Voir plus loin que le 4 novembre…

Alors quels pourraient être les scénarios possibles à partir du 5 novembre ?

Dès le résultat connu, le Président de la République Emmanuel Macron, prévoit une intervention télévisée à destination des Calédoniens tandis que le Premier Ministre Edouard Philippe, quittera Hanoï, étape finale de son séjour vietnamien, et arrivera en Nouvelle-Calédonie dans la nuit pour être présent au lever du soleil. Il prévoit des rencontres avec des personnalités politiques dont quelques unes échaudées par le résultat tempèreront la bonne volonté du chef du gouvernement, par l’impérieuse nécessité propre à leur structure organique de consulter leur base.      

Ici-bas, l’approche de l’été austral est synonyme de maturité des letchis et de l’éclosion des premières fleurs de flamboyants (Delonix regia) mais aussi de l’organisation des habituels congrès politiques annuels. Ceux du PALIKA et de l’UC auront lieu courant novembre. Tandis que le premier anniversaire du congrès constitutif des Républicains Calédoniens interviendra début décembre. Le Xème de Calédonie Ensemble ayant eu lieu début octobre.

Edouard Philippe, pragmatique parmi les idéologues, devrait proposer un début de round de discussions dont la teneur, les contours voire la profondeur, ne pourra faire l’impasse sur la possibilité de la création d’un Etat associé qui fut déjà la base des négociations en 1998. Elles  aboutirent aux accords de Bercy (février) dans un premier temps puis à celui de Nouméa (avril-mai) dans un second.

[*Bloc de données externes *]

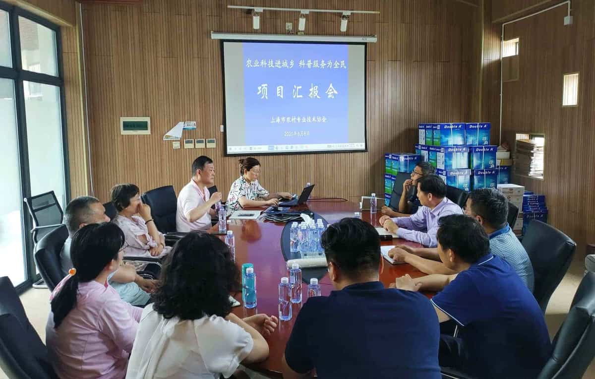 . 6月8日,上海市农村专业技术协会在上实现代农业开发有限公司(崇明东滩团旺路188号)会议室召开“农业科技进城乡,科普服务为全民”项目汇报会。上海市农村专业技术协会理事长陈德明主持会议。技术协会副理事长谢祝捷等10多位领导参加了会议。

Qu’on ne s’y trompe pas! Les indépendantistes ne renonceront pas à leur rêve : celui de voir la Nouvelle-Calédonie accéder à la pleine souveraineté et obtenir un statut tel que le nouvel Etat soit reconnu internationalement. Dans cette perspective, et depuis plus de quarante ans, les acquis de la lutte de libération ne seront ni remis en cause et encore moins abandonnés. Ainsi, la protection de l’emploi local, les transferts de compétences, les assesseurs coutumiers dans les juridictions civiles, la promotion des langues kanaks, la reconnaissance de l’identité kanak, les lois de pays, le rééquilibrage, la clé de répartition volontairement inégalitaire, la citoyenneté de la Nouvelle-Calédonie, pour ne citer que ces avancées, seront soit amendées, soit complétées, approfondies ou élargies mais certainement pas supprimées. L’Accord de Nouméa est un véhicule politique et institutionnel dont la boîte de vitesse ne comporte pas de marche arrière.

Celles et ceux qui font croire le contraire n’ont que la manœuvre électorale à l’esprit et les prochaines élections pour cible. Ils oublient ou feignent d’ignorer que les accords successifs depuis 1988 renforcent la personnalité calédonienne et organisent son émancipation par la décolonisation.

Pour les indépendantistes historiques, acteurs de cette histoire et d’une certaine façon, maître du temps longs, le 4 novembre est une étape supplémentaire dans un processus ouvert depuis 1956. Cette année-là, l’extension locale des dispositions novatrices contenues dans la loi-cadre Defferre  avait inauguré la première décolonisation de la Nouvelle-Calédonie avant que les intérêts toujours présentés comme supérieurs de la Nation, notamment vis-à-vis du nickel érigé en ressource stratégique de premier ordre, ne viennent, dans le sillon du retour au pouvoir du Général de Gaulle, vider de sa substance l’autonomie interne et durablement associée à la France, l’idée qu’elle ne respecte pas sa parole. Axiome capital et condition sine qua non chez les Kanak du “vivre et du faire ensemble” dont l’esprit est très largement partagé localement.

La solution est à trouver entre l’injonction indépendantiste du droit à l’Etat et l’exigence non-indépendantiste de l’Etat de droit. La clé est dans le dialogue renouvelé et dans la formulation permanente des attentes et des espoirs dans un pays où l’histoire ne peut pas se permettre de bégayer sinon à prendre le risque incommensurable d’un recours à la violence avec en ligne de mire la possibilité d’une partition de l’île. A ne pas pouvoir réunir politiquement les populations, on les divise géographiquement. Les cas d’espèce sont nombreux.